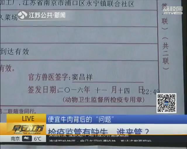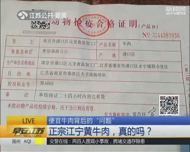 当记者在店内购买牛肉,并索要检疫票据时,店方提供的却是南京市浦口区元龙食品厂的检疫证明。而经过多天跟踪记者发现,送货的苏A 7A2Z8面包车确实是从浦口区永宁街道的一个大院内开出来的。
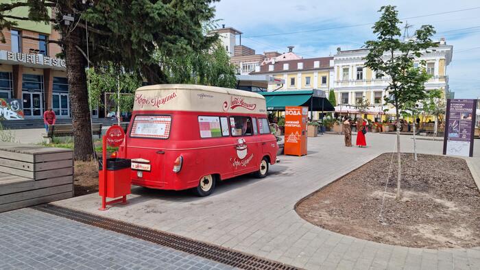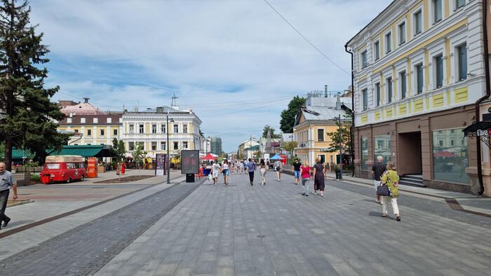 Это была идеальная пауза перед погружением в туристический водоворот. Буквально в двух шагах от тихого сквера начиналась главная улица города — Большая Покровская. Меня сразу же окружили старинные здания, в которых расположились кафе, рестораны, магазины и множество других заведений, привлекающих многочисленных туристов и местных жителей.
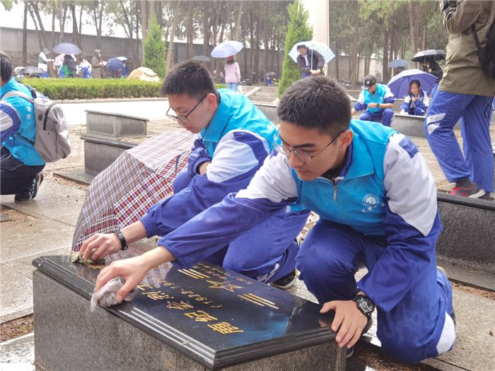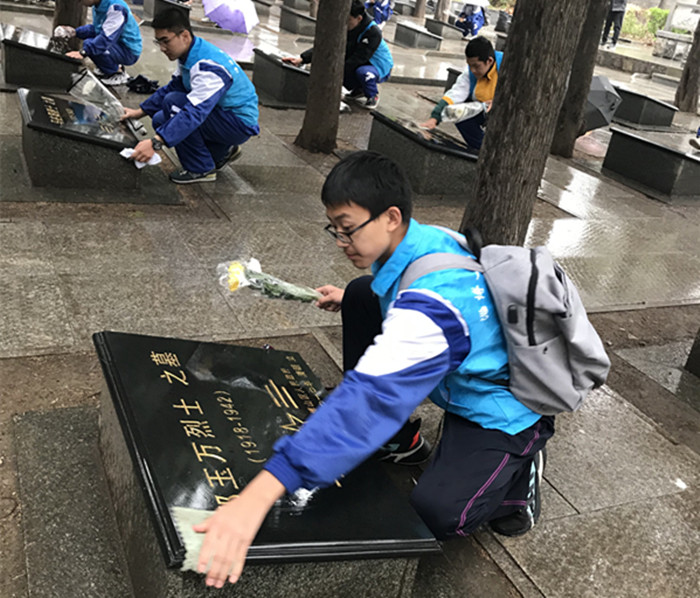组织开展志愿服务活动。烈士纪念馆前,我校学生担任引导员,组织学生有序进入纪念馆。在红色记忆馆,我校学生担任讲解员,详细讲解了中共一大——十九大的发展历程,着重强调了习近平总书记崇尚英雄、缅怀先烈的讲话精神。在烈士墓前,同学们冒雨瞻仰烈士墓,擦拭烈士墓碑,缅怀先烈,表达哀思和敬仰之情。
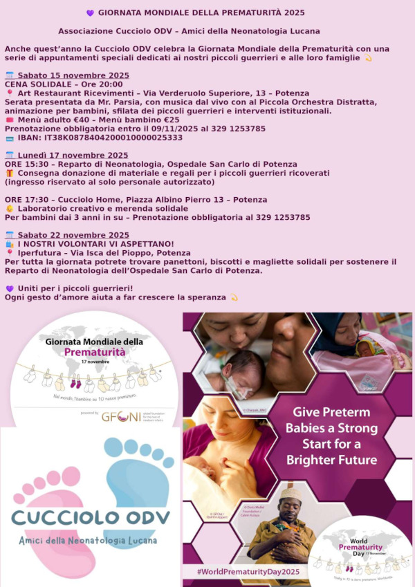 Anche quest’anno l’Associazione Cucciolo ODV – Amici della Neonatologia Lucana celebra la Giornata Mondiale della Prematurità, un appuntamento internazionale che ogni 17 novembre richiama l’attenzione sulle nascite premature e sull’importanza del sostegno ai piccoli guerrieri e alle loro famiglie.
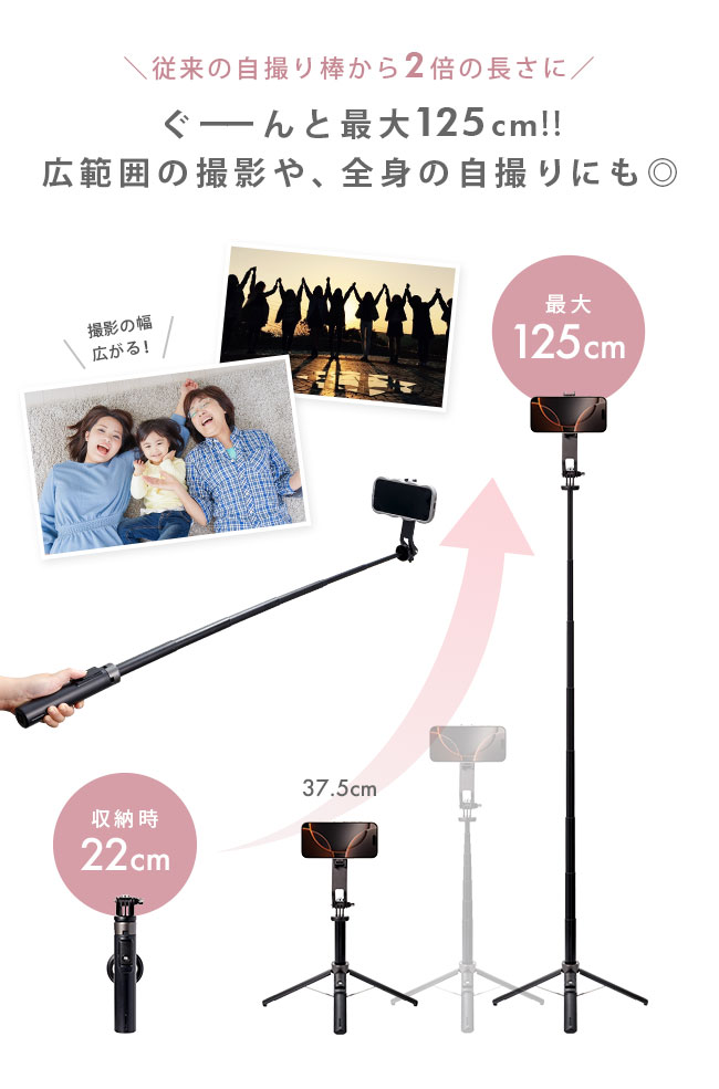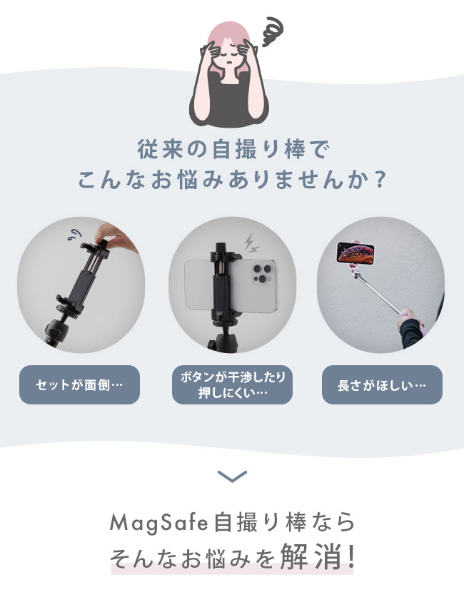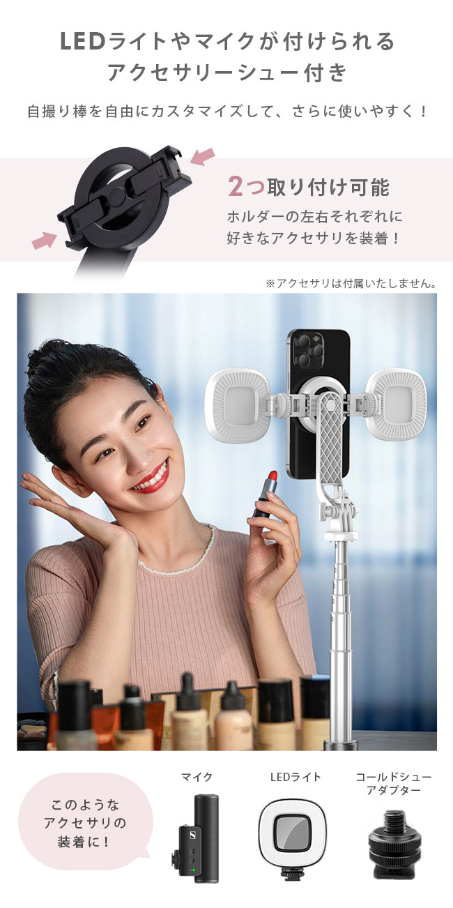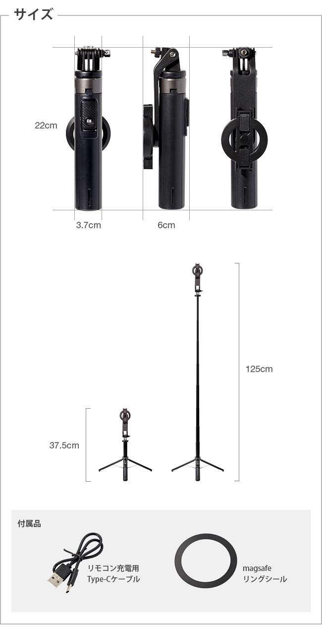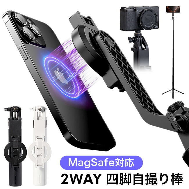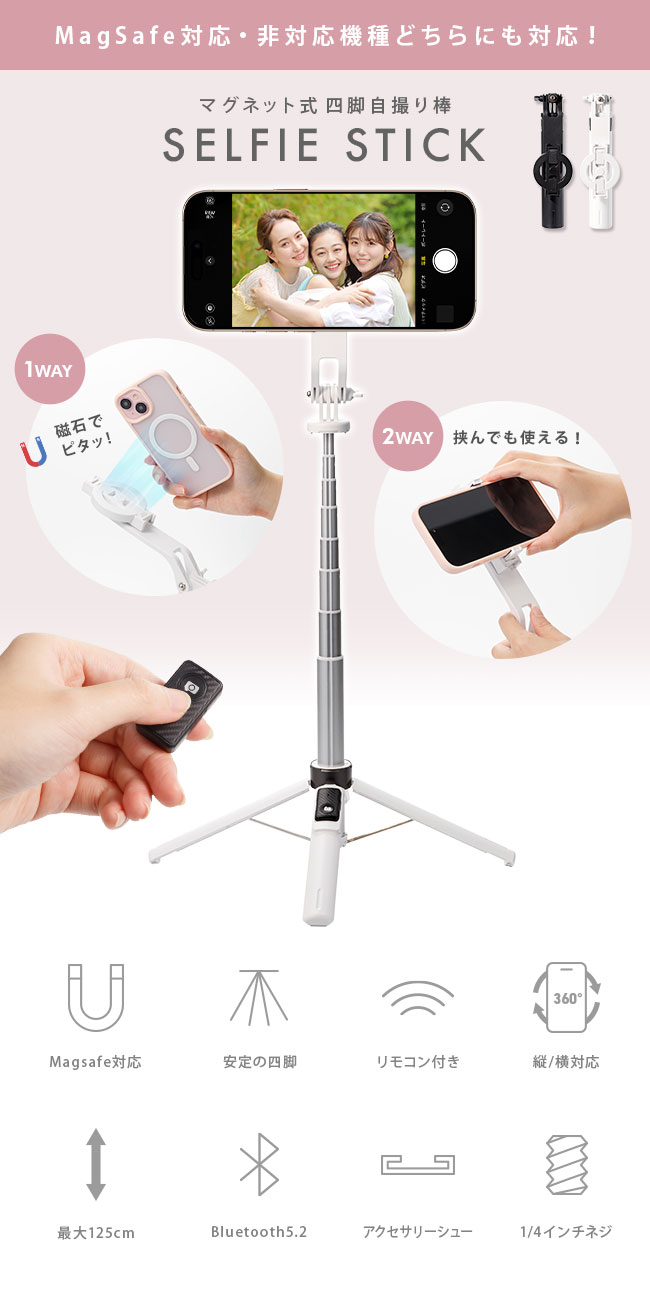 P135 マグネット式セルフィースティ スマートフォン 携帯電話用アクセサリー セルカ棒 通販 ブラック ホワイト
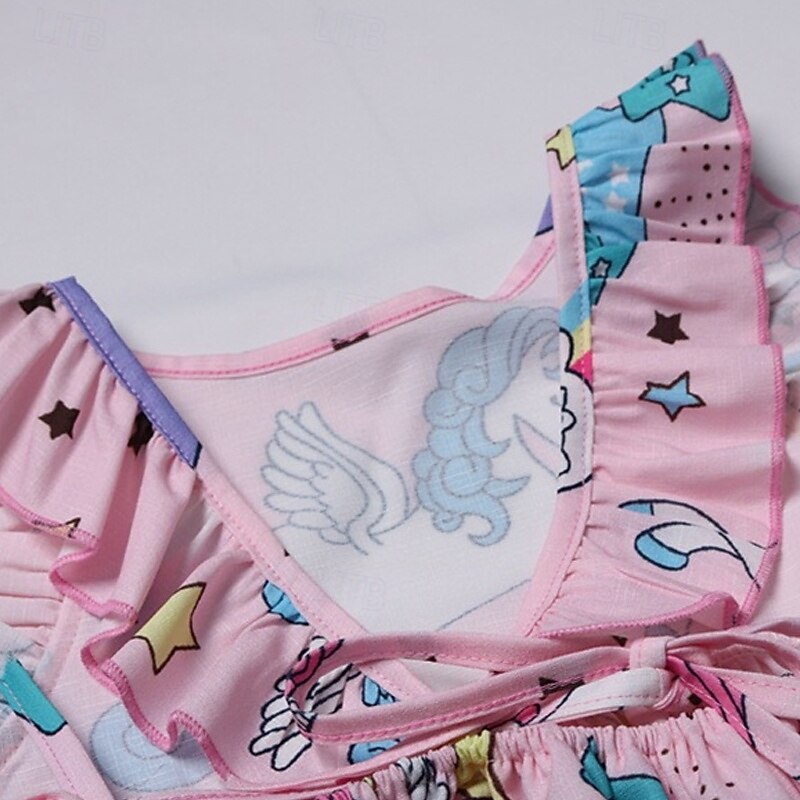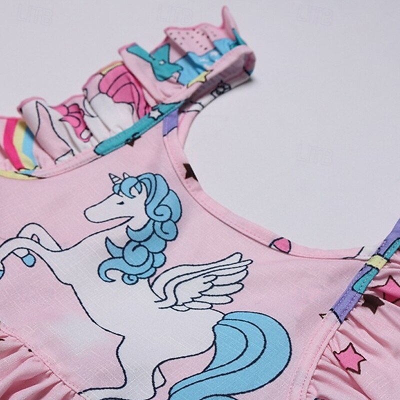 Kids Girls' Dress Unicorn Sleeveless Outdoor Casual Ruffle Fashion Adorable Cotton Above Knee Casual Dress A Line Dress Summer Spring 4 years+ Light Green Pink Purple 17
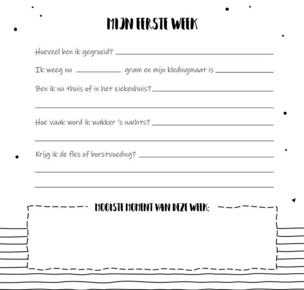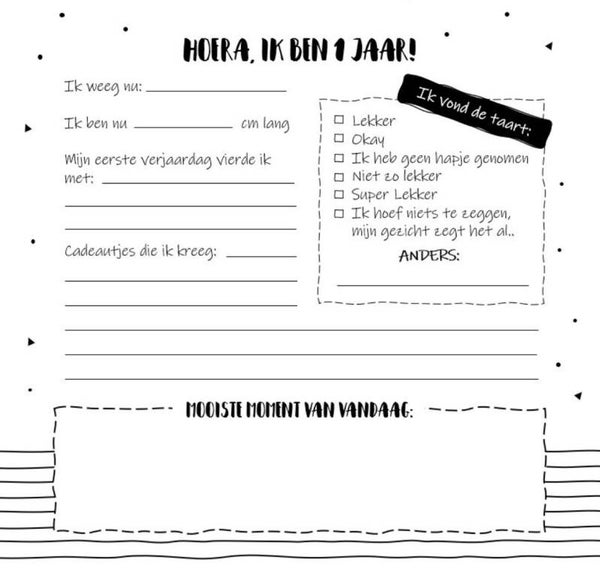 In het eerste jaar van je kindje gebeurd er heel veel, omdat ze zo snel groeien. Deze mijlpalen wil je natuurlijk zo veel mogelijk vastleggen. Wekelijks en maandelijks alle bijzondere gebeurtenissen bijhouden, kan nu in dit leuke/ hippe Baby’s eerste jaar invulboek. Erg leuk om bij het houden tijdens het eerste jaar van je kindje.
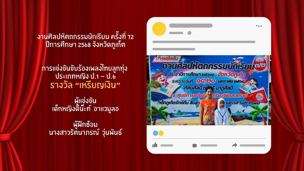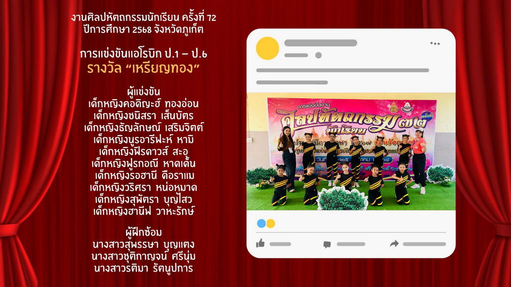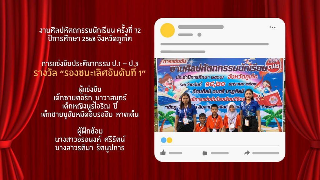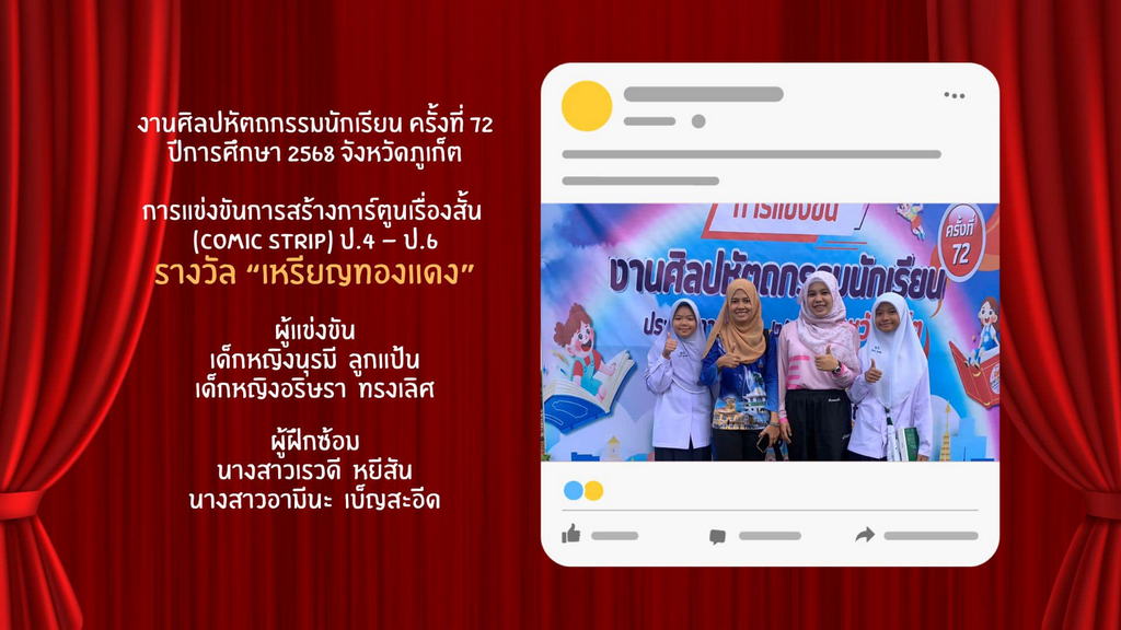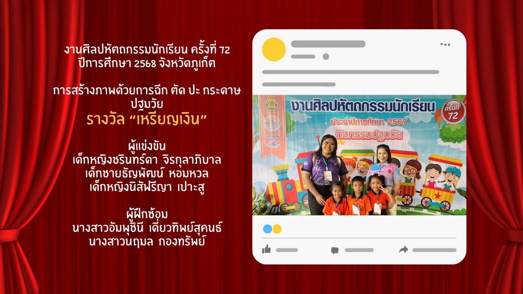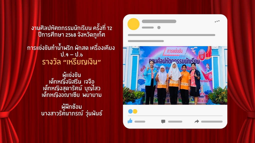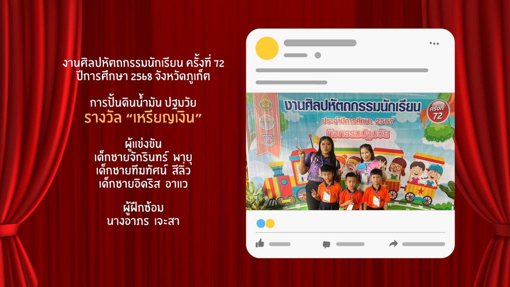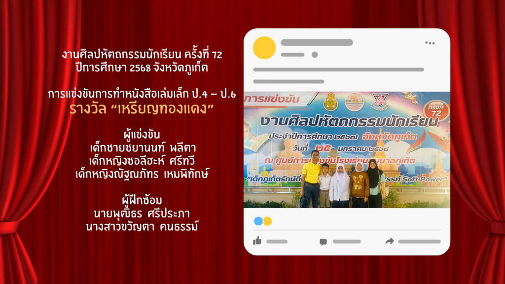นางสาวนิศารัตน์ ถนอมนา ผู้อำนวยการโรงเรียนบ้านหมากปรก นางสุภมาส รักษาเขตร รองผู้อำนวยการโรงเรียนบ้านหมากปรก คณะครู บุคลากร และนักเรียนโรงเรียนบ้านหมากปรก ขอแสดงความยินดี กับ คณะครูและนักเรียนที่ได้เข้าร่วมการแข่งขันศิลปหัตถกรรมนักเรียน ครั้งที่ 72 สังกัดสำนักงานเขตพื้นที่การศึกษาประถมศึกษาภูเก็ต โดยสรุปเหรียญรางวัลจากการแข่งขันทั้งหมด 15 รายการ ดังต่อไปนี้🫶🏻

※

WHAT TO PRODUCE
Reproduce the listing exactly. The pictures are to be omitted.

TASK OUTPUT
 当记者在店内购买牛肉,并索要检疫票据时,店方提供的却是南京市浦口区元龙食品厂的检疫证明。而经过多天跟踪记者发现,送货的苏A 7A2Z8面包车确实是从浦口区永宁街道的一个大院内开出来的。
 Это была идеальная пауза перед погружением в туристический водоворот. Буквально в двух шагах от тихого сквера начиналась главная улица города — Большая Покровская. Меня сразу же окружили старинные здания, в которых расположились кафе, рестораны, магазины и множество других заведений, привлекающих многочисленных туристов и местных жителей.
组织开展志愿服务活动。烈士纪念馆前,我校学生担任引导员,组织学生有序进入纪念馆。在红色记忆馆,我校学生担任讲解员,详细讲解了中共一大——十九大的发展历程,着重强调了习近平总书记崇尚英雄、缅怀先烈的讲话精神。在烈士墓前,同学们冒雨瞻仰烈士墓,擦拭烈士墓碑,缅怀先烈,表达哀思和敬仰之情。
 Anche quest’anno l’Associazione Cucciolo ODV – Amici della Neonatologia Lucana celebra la Giornata Mondiale della Prematurità, un appuntamento internazionale che ogni 17 novembre richiama l’attenzione sulle nascite premature e sull’importanza del sostegno ai piccoli guerrieri e alle loro famiglie.
 P135 マグネット式セルフィースティ スマートフォン 携帯電話用アクセサリー セルカ棒 通販 ブラック ホワイト
 Kids Girls' Dress Unicorn Sleeveless Outdoor Casual Ruffle Fashion Adorable Cotton Above Knee Casual Dress A Line Dress Summer Spring 4 years+ Light Green Pink Purple 17
 In het eerste jaar van je kindje gebeurd er heel veel, omdat ze zo snel groeien. Deze mijlpalen wil je natuurlijk zo veel mogelijk vastleggen. Wekelijks en maandelijks alle bijzondere gebeurtenissen bijhouden, kan nu in dit leuke/ hippe Baby’s eerste jaar invulboek. Erg leuk om bij het houden tijdens het eerste jaar van je kindje.
นางสาวนิศารัตน์ ถนอมนา ผู้อำนวยการโรงเรียนบ้านหมากปรก นางสุภมาส รักษาเขตร รองผู้อำนวยการโรงเรียนบ้านหมากปรก คณะครู บุคลากร และนักเรียนโรงเรียนบ้านหมากปรก ขอแสดงความยินดี กับ คณะครูและนักเรียนที่ได้เข้าร่วมการแข่งขันศิลปหัตถกรรมนักเรียน ครั้งที่ 72 สังกัดสำนักงานเขตพื้นที่การศึกษาประถมศึกษาภูเก็ต โดยสรุปเหรียญรางวัลจากการแข่งขันทั้งหมด 15 รายการ ดังต่อไปนี้🫶🏻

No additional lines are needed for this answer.